This video explains the concept of reinforcement learning in machines and gives some very good examples by showing how the algorithm behind reinforcement learning continuously compares particular actions (responses) into the machine engine (in this case a game). When a positive result is achieved and a reward is given, the set of steps leading to that reward is saved. This keeps going on in order to accrue as many positive behaviours as possible. When the concept of reward is not that straightforward in that the steps to get to a reward are much more complex, reward shaping and adding more rewards for every scenario is possible (although time-consuming). Training without rewards is very hard in reinforcement learning, a technique which closely echoes the behavioural learning patterns of early educational systems.
The idea of algorithmic systems that pepper student learning with occasions for enjoying reward (as in the case of easy quizzes in MOOCs) may act as the carrot before the donkey in order to promote the self-directing learner while providing an occasion for ‘datafication’ and collection of data (Williamson, 2017). In this case, student behaviour becomes a very ‘valuable commodity’ (Knox et al, 2020) in providing the ‘action to the state’ as explained in the video because it can help predict outcomes. Ironically students are then providing their behaviour patterns for free to the users of CMSs, VLEs and MOOCs.

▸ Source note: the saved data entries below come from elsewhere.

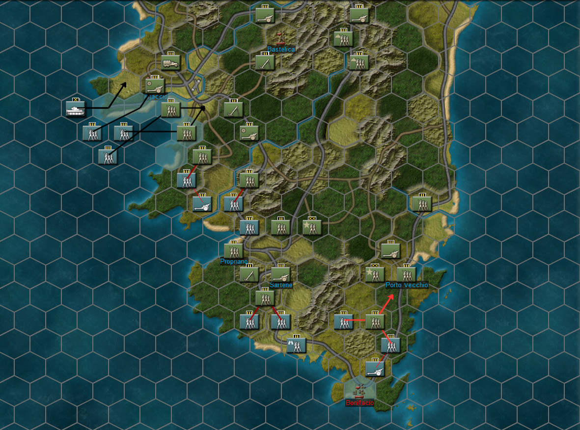 Sardinia: An idyllic Mediterranean tourist destination, and also incidentally a fantastic battlefield. Sardinia features rugged mountain bastions, light forests, and sweeping open plains. Some sectors of the island present serious challenges to mechanized movement, but almost every hill-top fortress can be bypassed and isolated with proper planning. Corsica: A mountainous and densely forested island that boasts many choke-points to entrap reckless adversaries. Corsica favors infantry combat and places even more importance on controlling the air than other maps.
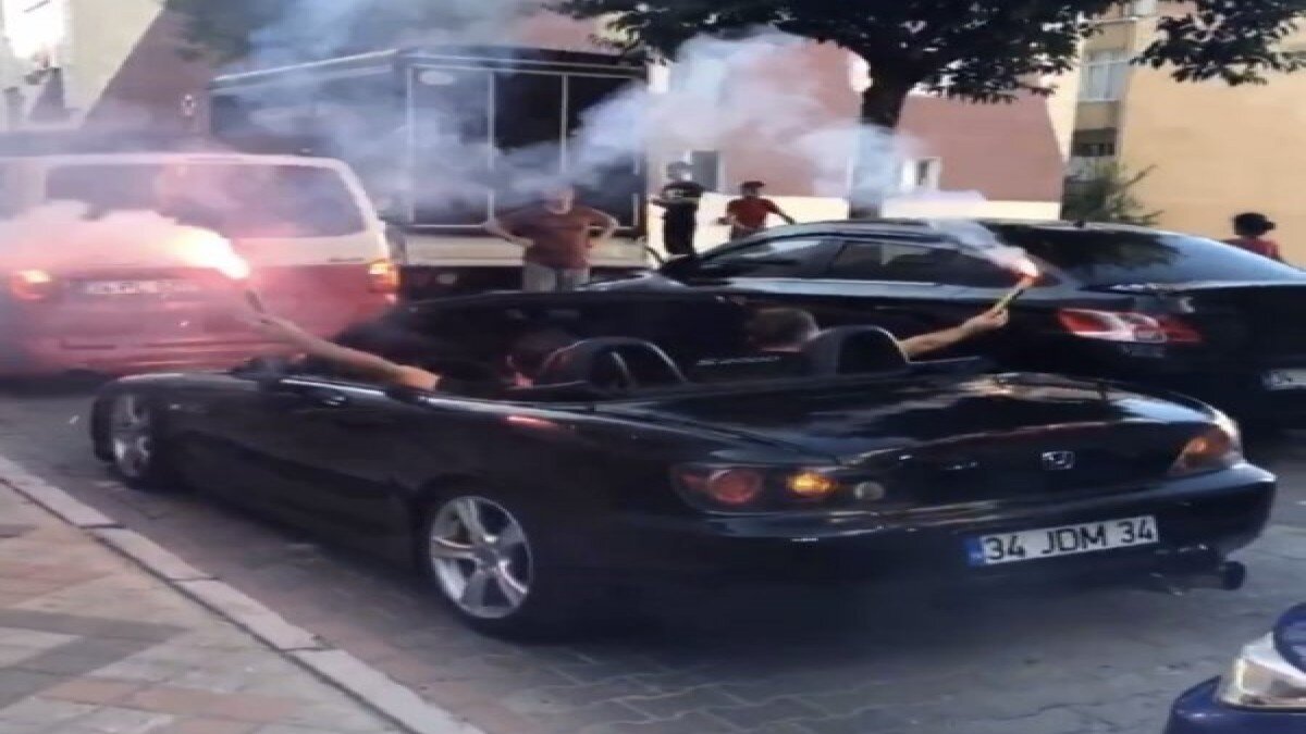 Eğlencenin ardından ultra lüks araçlarına binerek konvoy halinde trafiğe çıkan grup, çakarlı araçlarla “dat dat” sistemini kullandı. Gürültü yaparak çevreye rahatsızlık veren grup, ellerine aldığı meşalelerle de ortalığı dumana boğarak trafiği tehlikeye düşürdü.
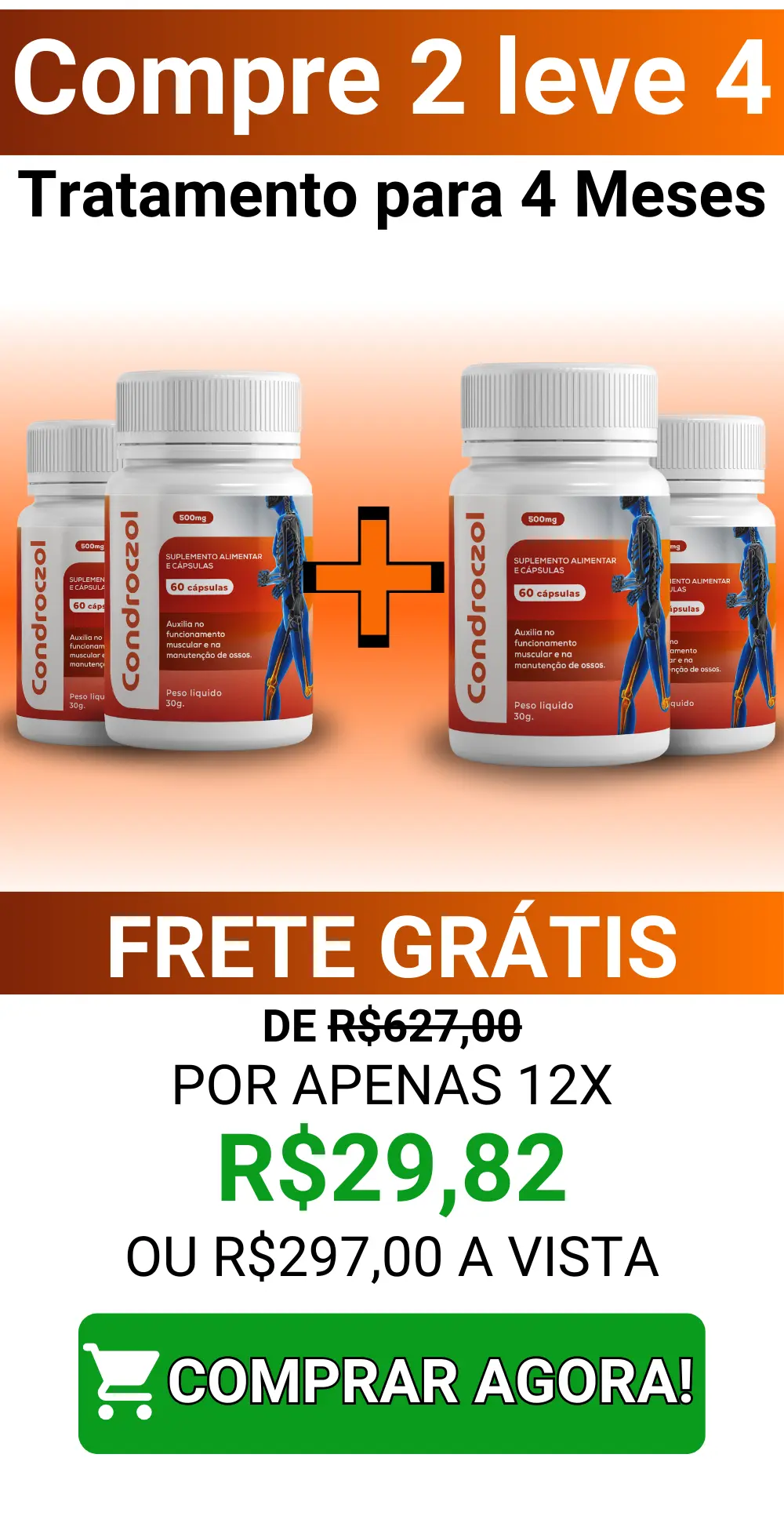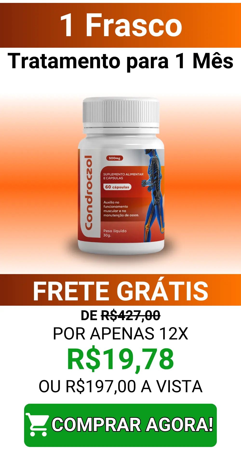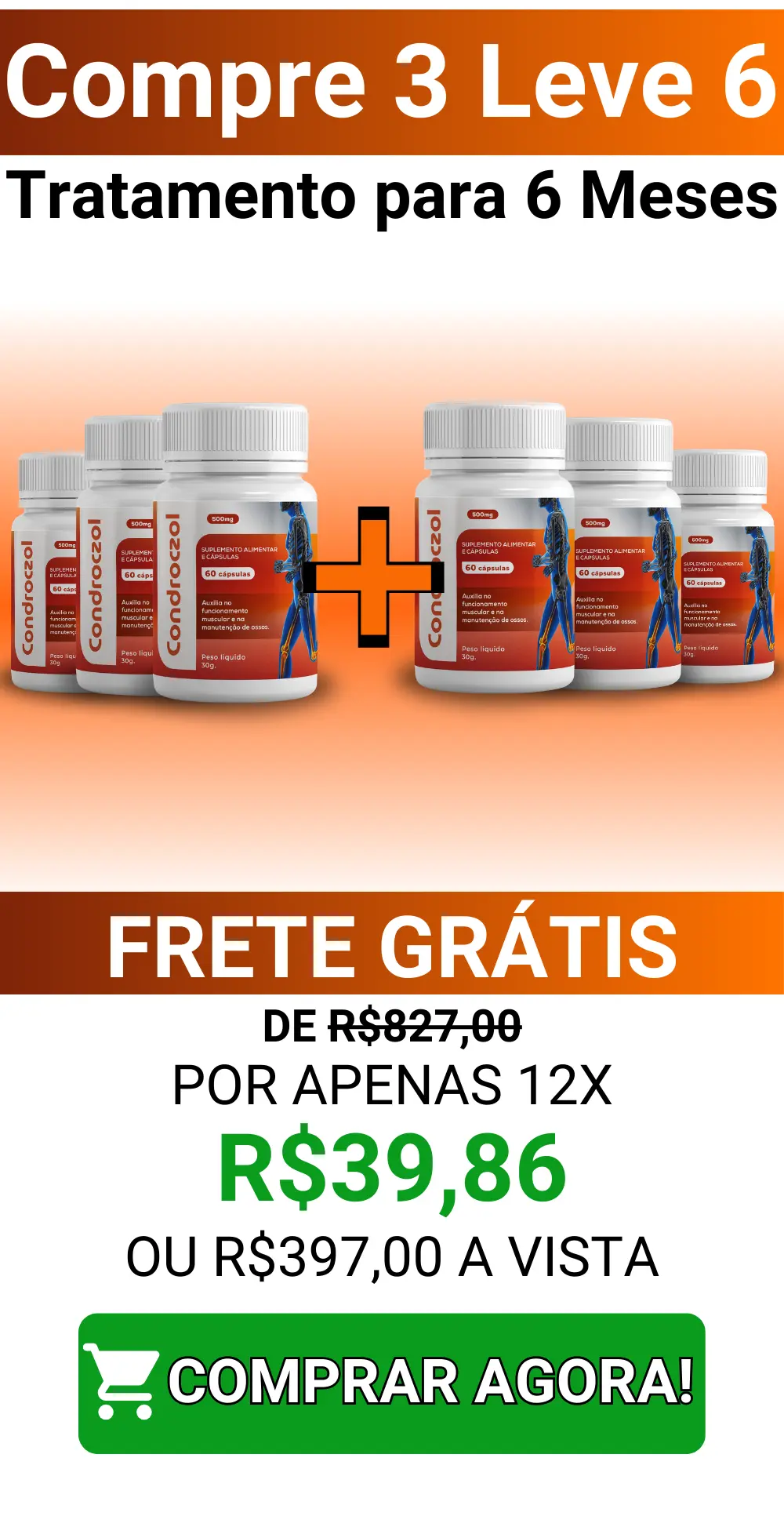 Não conseguimos manter essa promoção por muito tempo, pois os ingredientes do CONDROCZOL são de altíssima qualidade e limitados. Além disso, alguns deles têm custos atrelados ao dólar, o que dificulta a reposição. Por isso, essa oferta especial só vai durar hoje. Assim que você sair dessa página, ela não estará mais disponível.

not only is data positioned before the desires of the learner as the authoritative source for educational action, but the role of the learner itself is also recast as the product of consumerist analytic
technologies. (Knox et al, 2020)
Educational systems that study and collect data in order to provide ‘the best possible learning experience’ and ‘limit’ the online learner to a simple reward system are an example of Biesta’ s concept of ‘learnification’, whereby the system is merely interested in producing successful students and growing numbers of successful students. This kind of ‘solutionism’ is a far cry from the learning process envisaged by Biesta. (Biesta, 2012). The social dimension of education is absent as a starter and learning is reduced to the concept of playing a basic video game (like Pong) in which the reward rather than the playing experience is what ultimately counts, reducing the learner to the idea of a ‘product’ (Rushkoff, cited in Knox et al, 2020). This is a view deeply enshrined in radical behaviourism and a concept built upon the binary determinism of computer systems that are able to break down responses to knowledge into a system of ‘ons’ and ‘offs’ that will eventually (even thanks to the development in quantum computing) challenge or even outperform the best human minds as seen below.
References:
Biesta, G., (2012). Giving Teaching back to education: Responding ot the disappearance of the teacher. Phenomenology & Practice 6 (2)pp 35-49.
Knox, J., Williamson, B., & Bayne, S., (2020) Machine behaviourism:
future visions of ‘learnification’ and ‘datafication’ across humans and digital technologies, Learning, Media and Technology, 45:1, 31-45, DOI: 10.1080/17439884.2019.1623251
Williamson, B. 2017. Introduction: Learning machines, digital data and the future of education (chapter 1). In Big Data and Education: the digital future of learning, policy, and practice. Sage.